◆ **WHAT TO PRODUCE**
Transcribe the entries below exactly, starting with the line that has "柔らかいファンシーヤーンやラメ糸、チュール、レースリボンなど、" and stopping after the line that has "Outlook邮件网页界面,默认情况下对"; no pictures belong in the copy.

◆ **DATA EXCERPTS**
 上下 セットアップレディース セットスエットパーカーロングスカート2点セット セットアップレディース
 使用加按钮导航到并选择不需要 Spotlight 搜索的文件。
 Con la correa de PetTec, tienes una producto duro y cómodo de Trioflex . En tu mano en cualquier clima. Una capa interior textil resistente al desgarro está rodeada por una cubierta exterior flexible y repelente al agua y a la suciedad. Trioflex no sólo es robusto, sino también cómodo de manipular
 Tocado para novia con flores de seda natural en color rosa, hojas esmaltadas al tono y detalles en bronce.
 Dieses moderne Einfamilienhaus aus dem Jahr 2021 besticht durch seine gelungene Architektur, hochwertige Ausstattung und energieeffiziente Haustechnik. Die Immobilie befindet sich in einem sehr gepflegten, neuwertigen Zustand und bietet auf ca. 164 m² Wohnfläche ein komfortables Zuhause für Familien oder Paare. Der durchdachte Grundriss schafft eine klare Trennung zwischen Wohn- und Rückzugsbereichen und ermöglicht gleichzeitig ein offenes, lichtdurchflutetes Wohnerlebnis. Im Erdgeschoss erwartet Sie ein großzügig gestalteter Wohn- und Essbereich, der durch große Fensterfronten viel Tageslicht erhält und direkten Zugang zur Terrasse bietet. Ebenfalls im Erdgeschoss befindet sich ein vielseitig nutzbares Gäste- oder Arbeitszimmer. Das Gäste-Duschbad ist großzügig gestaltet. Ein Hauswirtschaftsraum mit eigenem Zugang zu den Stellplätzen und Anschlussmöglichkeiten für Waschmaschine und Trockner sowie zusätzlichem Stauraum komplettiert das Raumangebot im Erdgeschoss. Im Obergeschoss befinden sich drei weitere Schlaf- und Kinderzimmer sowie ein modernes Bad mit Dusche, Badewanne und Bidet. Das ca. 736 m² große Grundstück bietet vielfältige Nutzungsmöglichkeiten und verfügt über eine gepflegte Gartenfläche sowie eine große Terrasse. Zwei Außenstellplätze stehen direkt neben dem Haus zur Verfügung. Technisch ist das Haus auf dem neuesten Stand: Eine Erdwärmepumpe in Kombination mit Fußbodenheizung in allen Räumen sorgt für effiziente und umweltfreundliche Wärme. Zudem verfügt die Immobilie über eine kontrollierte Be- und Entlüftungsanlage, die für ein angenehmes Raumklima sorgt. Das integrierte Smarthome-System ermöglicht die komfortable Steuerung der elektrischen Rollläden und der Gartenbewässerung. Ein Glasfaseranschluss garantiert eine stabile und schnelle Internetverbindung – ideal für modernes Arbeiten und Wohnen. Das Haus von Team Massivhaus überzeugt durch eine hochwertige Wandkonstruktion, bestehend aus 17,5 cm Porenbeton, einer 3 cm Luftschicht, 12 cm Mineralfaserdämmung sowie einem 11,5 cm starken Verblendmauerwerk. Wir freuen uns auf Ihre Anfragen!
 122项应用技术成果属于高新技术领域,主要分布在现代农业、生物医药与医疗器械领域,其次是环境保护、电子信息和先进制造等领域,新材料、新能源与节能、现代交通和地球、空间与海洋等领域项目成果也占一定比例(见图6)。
---
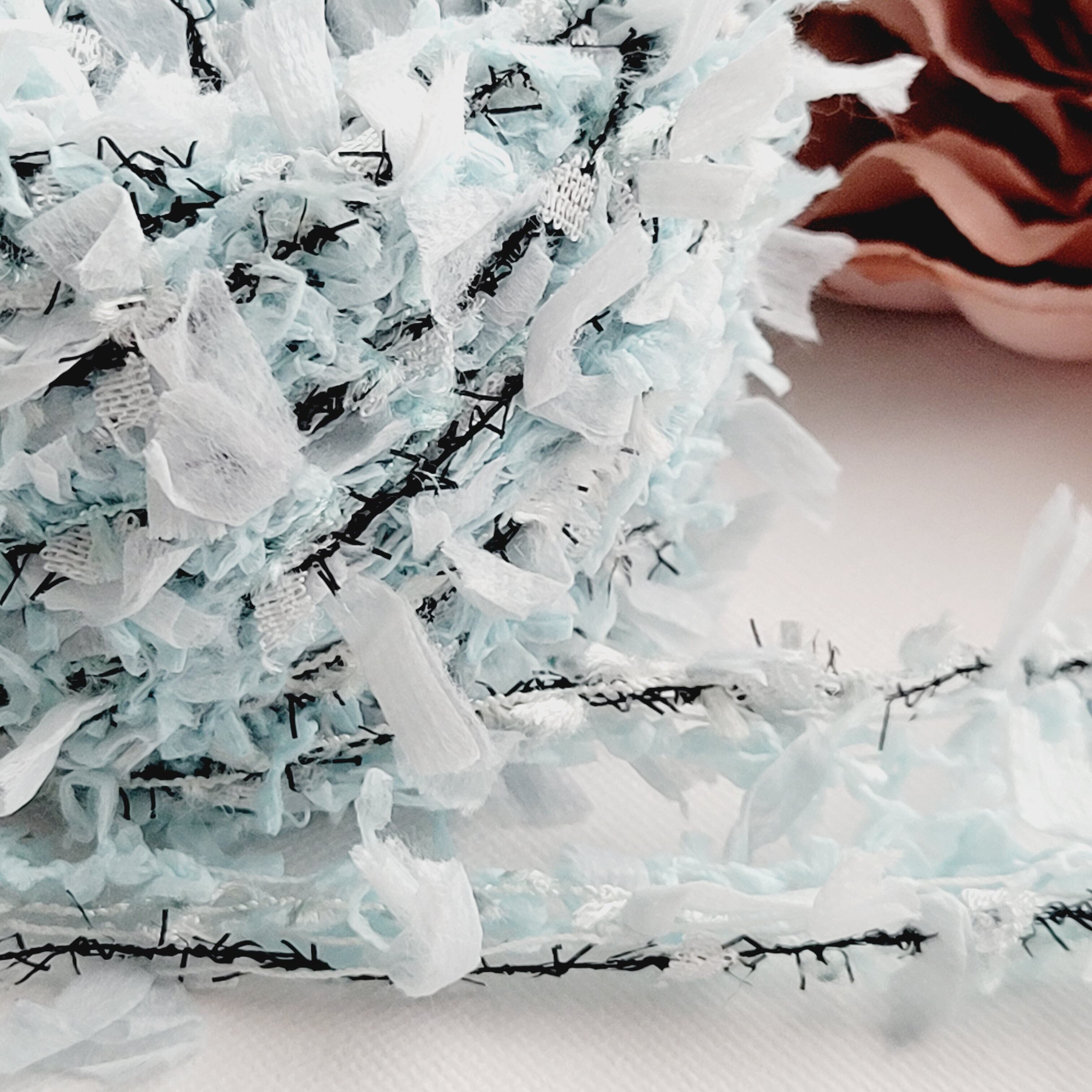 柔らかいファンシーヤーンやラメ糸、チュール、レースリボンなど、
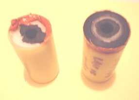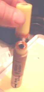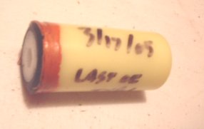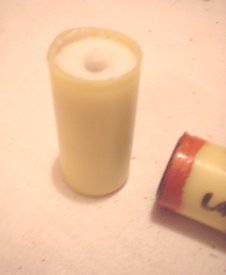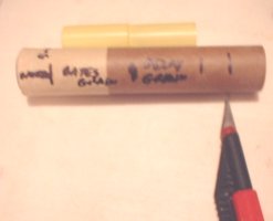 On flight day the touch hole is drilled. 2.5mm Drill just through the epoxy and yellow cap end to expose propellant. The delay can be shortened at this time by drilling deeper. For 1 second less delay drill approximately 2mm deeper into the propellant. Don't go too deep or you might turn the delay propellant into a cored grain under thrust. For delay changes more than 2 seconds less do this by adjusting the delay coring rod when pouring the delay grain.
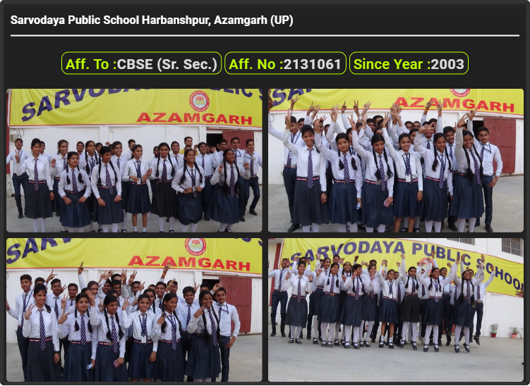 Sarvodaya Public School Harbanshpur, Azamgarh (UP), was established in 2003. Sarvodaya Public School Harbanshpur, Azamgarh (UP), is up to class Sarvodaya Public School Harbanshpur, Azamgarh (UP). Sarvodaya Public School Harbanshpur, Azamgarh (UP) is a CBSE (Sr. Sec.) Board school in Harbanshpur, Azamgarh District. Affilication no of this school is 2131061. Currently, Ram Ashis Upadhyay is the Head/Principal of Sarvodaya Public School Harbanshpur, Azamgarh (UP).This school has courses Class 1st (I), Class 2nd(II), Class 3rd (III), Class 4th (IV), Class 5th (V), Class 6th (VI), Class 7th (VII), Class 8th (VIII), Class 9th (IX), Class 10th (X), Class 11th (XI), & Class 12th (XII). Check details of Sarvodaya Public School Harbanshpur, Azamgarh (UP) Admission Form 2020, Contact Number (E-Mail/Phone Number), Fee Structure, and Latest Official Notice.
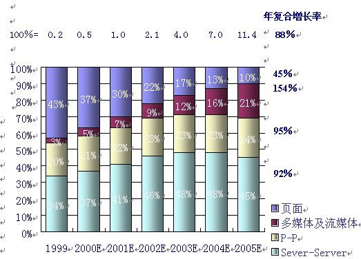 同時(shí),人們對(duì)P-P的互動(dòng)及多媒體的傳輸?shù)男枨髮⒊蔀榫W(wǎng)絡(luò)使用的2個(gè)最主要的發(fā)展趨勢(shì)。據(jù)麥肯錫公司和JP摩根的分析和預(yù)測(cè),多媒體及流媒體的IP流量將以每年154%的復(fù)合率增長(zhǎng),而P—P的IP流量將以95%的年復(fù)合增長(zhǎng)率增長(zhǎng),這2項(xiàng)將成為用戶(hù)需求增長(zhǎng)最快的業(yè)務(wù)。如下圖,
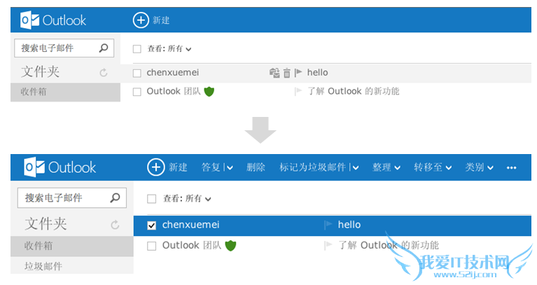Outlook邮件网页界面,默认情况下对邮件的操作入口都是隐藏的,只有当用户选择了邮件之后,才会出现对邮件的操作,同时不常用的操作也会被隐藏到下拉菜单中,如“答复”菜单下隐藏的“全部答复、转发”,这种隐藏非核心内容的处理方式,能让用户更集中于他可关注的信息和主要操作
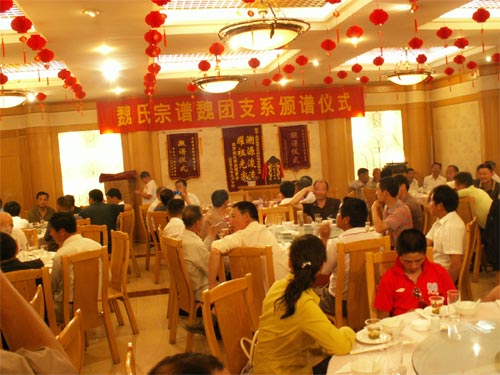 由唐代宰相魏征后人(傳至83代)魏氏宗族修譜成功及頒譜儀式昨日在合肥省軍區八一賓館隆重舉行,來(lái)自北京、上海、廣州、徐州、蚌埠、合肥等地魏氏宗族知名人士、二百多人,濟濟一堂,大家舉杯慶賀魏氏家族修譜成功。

◆ **COMPLETED TASK**
 柔らかいファンシーヤーンやラメ糸、チュール、レースリボンなど、
 On flight day the touch hole is drilled. 2.5mm Drill just through the epoxy and yellow cap end to expose propellant. The delay can be shortened at this time by drilling deeper. For 1 second less delay drill approximately 2mm deeper into the propellant. Don't go too deep or you might turn the delay propellant into a cored grain under thrust. For delay changes more than 2 seconds less do this by adjusting the delay coring rod when pouring the delay grain.
 Sarvodaya Public School Harbanshpur, Azamgarh (UP), was established in 2003. Sarvodaya Public School Harbanshpur, Azamgarh (UP), is up to class Sarvodaya Public School Harbanshpur, Azamgarh (UP). Sarvodaya Public School Harbanshpur, Azamgarh (UP) is a CBSE (Sr. Sec.) Board school in Harbanshpur, Azamgarh District. Affilication no of this school is 2131061. Currently, Ram Ashis Upadhyay is the Head/Principal of Sarvodaya Public School Harbanshpur, Azamgarh (UP).This school has courses Class 1st (I), Class 2nd(II), Class 3rd (III), Class 4th (IV), Class 5th (V), Class 6th (VI), Class 7th (VII), Class 8th (VIII), Class 9th (IX), Class 10th (X), Class 11th (XI), & Class 12th (XII). Check details of Sarvodaya Public School Harbanshpur, Azamgarh (UP) Admission Form 2020, Contact Number (E-Mail/Phone Number), Fee Structure, and Latest Official Notice.
 同時(shí),人們對(duì)P-P的互動(dòng)及多媒體的傳輸?shù)男枨髮⒊蔀榫W(wǎng)絡(luò)使用的2個(gè)最主要的發(fā)展趨勢(shì)。據(jù)麥肯錫公司和JP摩根的分析和預(yù)測(cè),多媒體及流媒體的IP流量將以每年154%的復(fù)合率增長(zhǎng),而P—P的IP流量將以95%的年復(fù)合增長(zhǎng)率增長(zhǎng),這2項(xiàng)將成為用戶(hù)需求增長(zhǎng)最快的業(yè)務(wù)。如下圖,
Outlook邮件网页界面,默认情况下对邮件的操作入口都是隐藏的,只有当用户选择了邮件之后,才会出现对邮件的操作,同时不常用的操作也会被隐藏到下拉菜单中,如“答复”菜单下隐藏的“全部答复、转发”,这种隐藏非核心内容的处理方式,能让用户更集中于他可关注的信息和主要操作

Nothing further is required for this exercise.